Many among the political and cultural elites of the countries most affected by the recent upsurge in national populism feel horror at its rise. They have equally, however, been inclined to dismiss it as no more than a temporary aberration of normal political sensibilities, brought on by the financial crisis of late 2007 to 2009 and the subsequent economic downturn, combined with the inflammatory rhetoric of flash-in-the–pan demagogues whose primary appeal has supposedly been to a dying breed of impoverished and increasingly aged white males soon destined for the graveyard.

Not Just Old White Males

Our authors refuse to see the phenomenon that way. Citing innumerable recent polls and surveys, they reject as myths the oft-voiced claim that national populism draws practically all of its support from the poor and unemployed or else from old white males who are merely reacting against a system without being in favor of any specific positive agenda. Just as inaccurate, according to Eatwell and Goodwin, is equating today’s national populism with the fascism of yesteryear.  

They write: 

When you consider the foundations of fascism and populism, it is clear that the likes of Trump, [Marine] Le Pen and [Geert] Wilders do not signal a return to fascism but stand in the populist tradition . . . Trump’s . . . views are a far cry from fascist racism, let alone Nazi anti-Semitism. The historical provenance of Trump’s appeal is, rather, to ‘American exceptionalism’ . . . nothing like a fascist third way . . . [and] far from an attempt to establish an authoritarian state in a stable country with strong democratic values. Or take the French National Front … [A]fter replacing her father as leader in 2011 Marine Le Pen sought to detoxify the party’s image . . . There is no serious evidence that party policy is being driven by neo-fascists, even if some remain on its fringes.
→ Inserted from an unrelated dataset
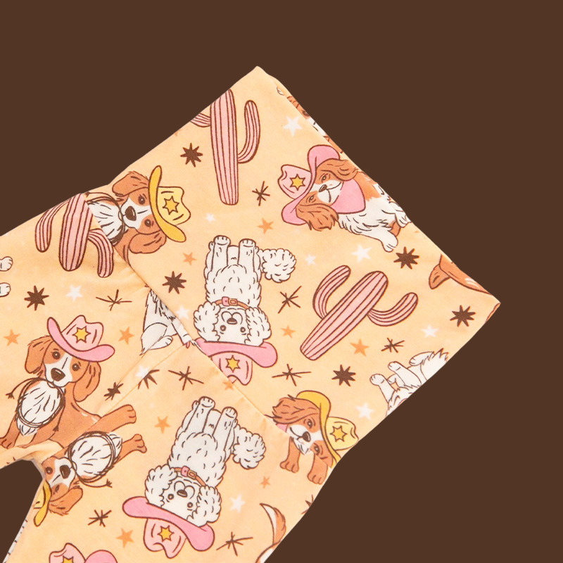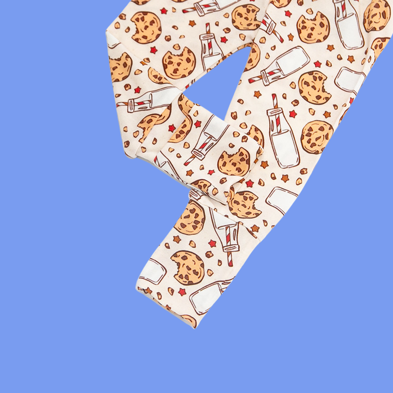 Have you ever worn leggings with an elastic band at the top? It's the worst, most uncomfortable thing. If I'm going to be lounging, sleeping or literally anything, I want to be COMFORTABLE. Same goes for littles. The waist does not have a harsh elastic band, instead, it is a doubled section of fabric that can be folded down! This allows for a flexible fit on soft, growing bellies and ultimate comfort.

It is very unusual indeed to find a pair of senior mainstream academics so prepared as our authors to be publicly sympathetic to so many of the concerns that underlie support for today’s national populists. Thus, we find them observing that most of their supporters “are not fascists who want to tear down our core political institutions” but instead “have understandable concerns that these institutions are not representative of society as a whole and, if anything, are becoming ever more cut adrift from the average citizen.”

It is likewise a sad comment on the times that they should be sticking out their necks so prominently by observing that national populists “who argue that the closing down of debate over difficult issues like immigration has been encouraged by distant and more culturally liberal academic, urban and political elites . . . do have a point.” Why such statements as this should be so rare from academics today becomes understandable in light of the fact that, as they point out, in the United States, “among tenure-track professors, registered Democrats  outnumber Republicans by a ratio of at least 12:1, while in some institutions the figure is 60:1.”                       

Along with their wishing to allay concerns that today’s national populists are about to morph into fascists, our authors would dispel the further myth that this recent global upsurge is liable to prove evanescently brief. National populism is here to stay, they claim, so today’s liberal democracies will have to adjust to its presence and demands in order to continue to survive.

The times they certainly are a’changing, but not in quite the way Bob Dylan sang about in the 1960s, or in the way for which Barack Obama was calling only a short decade ago.